Thursday, June 29, 2006

China

I ended up in Xiaoshan after all.

The flight from Newcastle was late, leaving me with a ten minute dash from aeroplane to aeroplane at Dusseldorf. After a long three hours at Munich, I got on the Lufthansa flight to Shanghai to find that the in-flight entertainment was made up of a tatty magazine that I'd already read in ten minutes flat and two cack American films shown on an overhead portable TV screen located directly behind the head anyone wandering up and down the aisle. I hit the spirits and managed to get some sleep.

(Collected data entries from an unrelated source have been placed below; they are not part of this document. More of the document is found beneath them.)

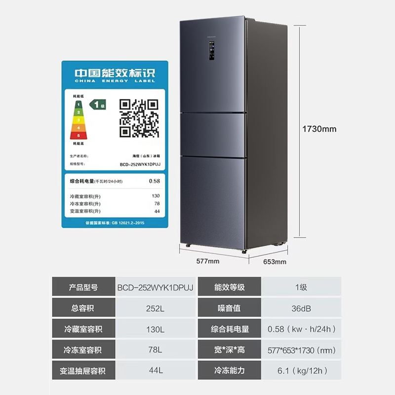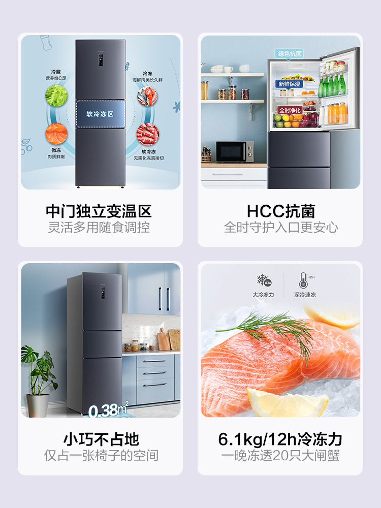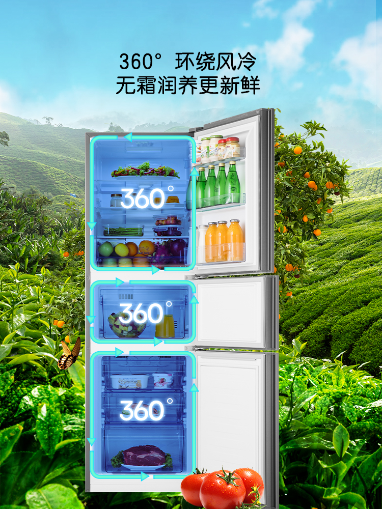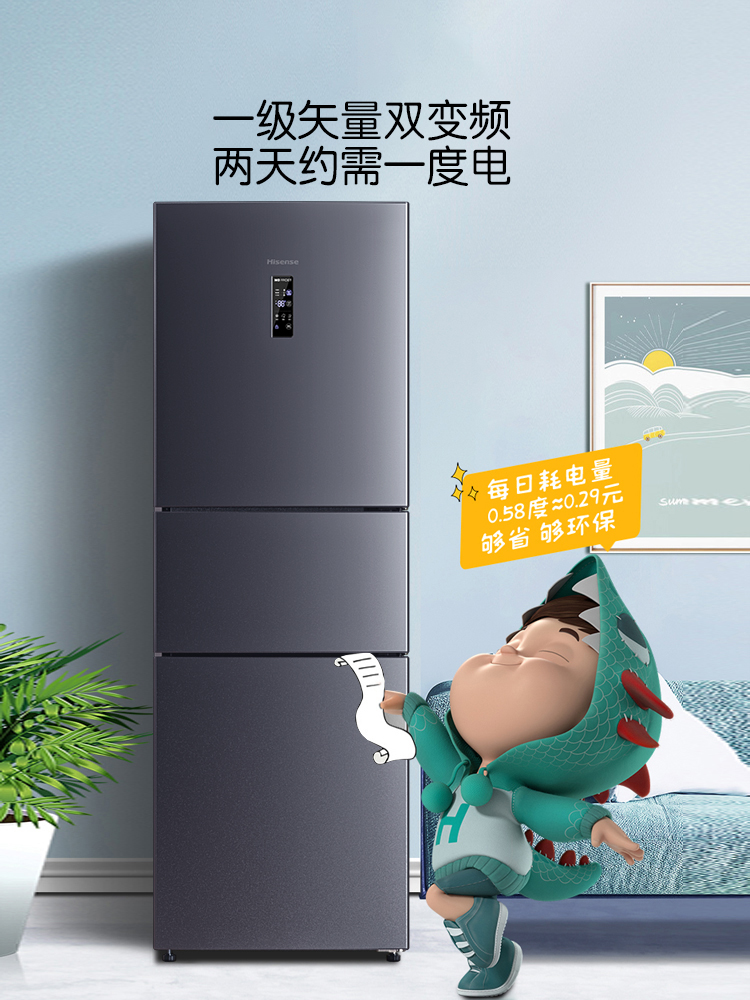 Haixin 252L Liter Three Doors Home Small Fridge Double Frequency Conversion First-class Energy Efficiency Air-cooled Frost-free Energy Saving Low Noise Rental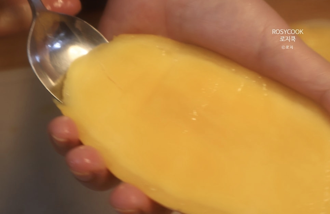 9. 껍질과 과육 사이로 숟가락을 넣어서 밀어가며 과육을 분리해 주셔도 됩니다.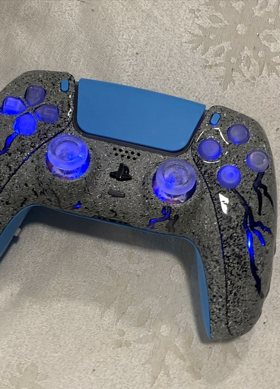 PS5 cracked rock purple pink controller techfire custom made playstation5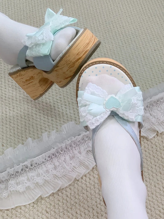Low-heel Shoes Sweet at Top Blue Knotted Baby Bow Trim Lace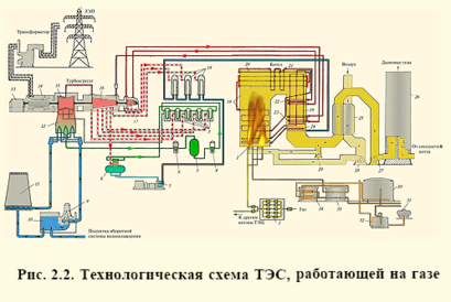 Основными элементами рассматриваемой электростанции являются котельная установка, производящая пар высоких параметров; турбинная или паротурбинная установка, преобразующая теплоту пара в механическую энергию вращения ротора турбоагрегата, и электрические устройства (электрогенератор, трансформатор и т.д.), обеспечивающие выработку электроэнергии.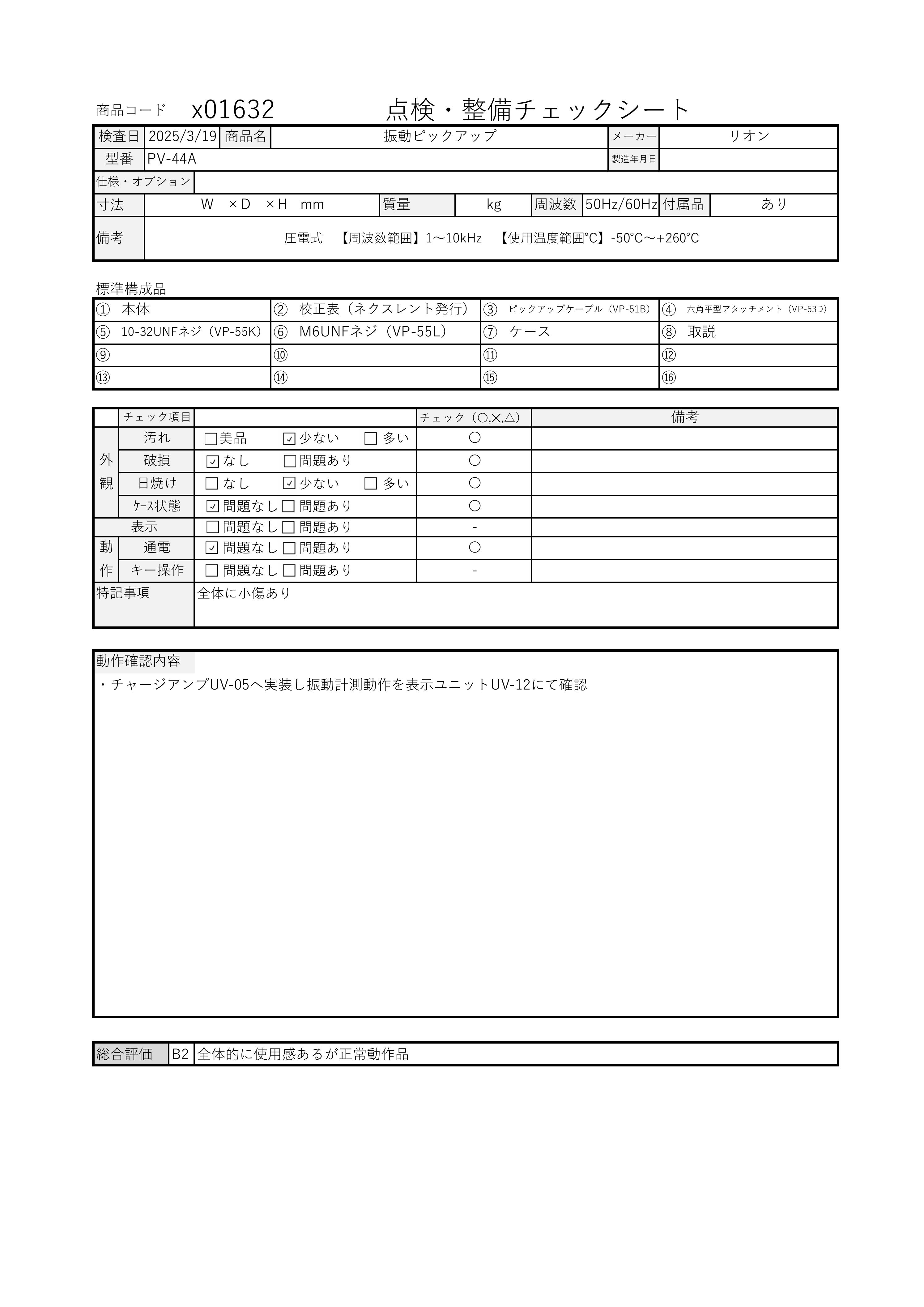 【中古】振動ピックアップ PV44A リオン RION 圧電式【周波数範囲】1~10kHz x01632 ★送料無料★[騒音測定器/振動測定器/粉塵測定器] 收藏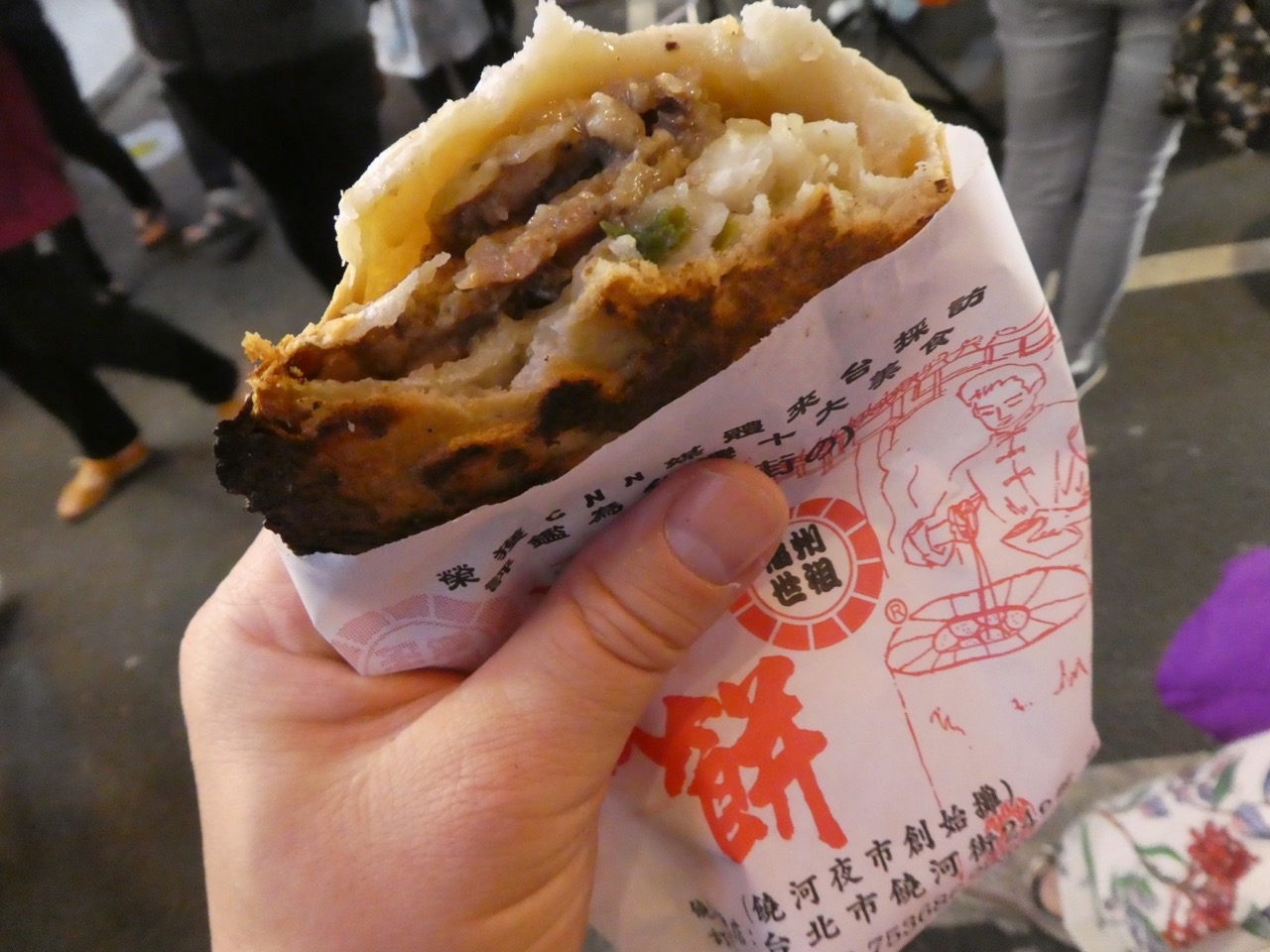 行列。でも7~8分。パリパリの肉まんのようなもの。

China on the way from the airport: heat; building sites, building sites, building sites; endless concrete flyovers; a sky with real clouds, not just an ecru haze; motorcycles on footbridges; big black cars with tinted windows. The driver's English ended at 'Welcome to China' so I had a bit of shut-eye and then enjoyed the action on the road. When the traffic was moving freely, cars ping-ponged from lane to lane - overtaking in the hard shoulder, indicating left, then immediately right if the first lane looked as if it might be clearer after all. Like pensioners jostling in a post office queue. Then the traffic would slow to a near crawl and the road would turn into one of those puzzles I had when I was a kid where you had to slide small squares around to make a picture; cars squeezing in and out, in and out of small spaces, always further away from where they wanted to be.

Tuesday, June 27, 2006

The Night Before

The packing's almost finished and I'm just about ready to go. I'm leaving from Newcastle tomorrow afternoon on the 1.30 flight to Dusseldorf. I have just under an hour there before travelling on to Munich, where I have another three hour wait for the flight to Shanghai Pudong. Convoluted but cheap.

From now on watching the World Cup will be a nocturnal activity. At least England are playing in the early game on Saturday. Without Deco and possibly Ronaldo, Portugal are definitely beatable. Whoever wins the tactical battle, wins the game.

Monday, June 26, 2006

Monday Morning

The weather has been dreadful for the last three days: highs of around 15 degrees, permanently grey skies, and a damp chill interrupted by the occasional heavy downpour. I'm not complaining too much, though: a wet English summer is still preferable to a baking hot and exhaustingly humid Asian one.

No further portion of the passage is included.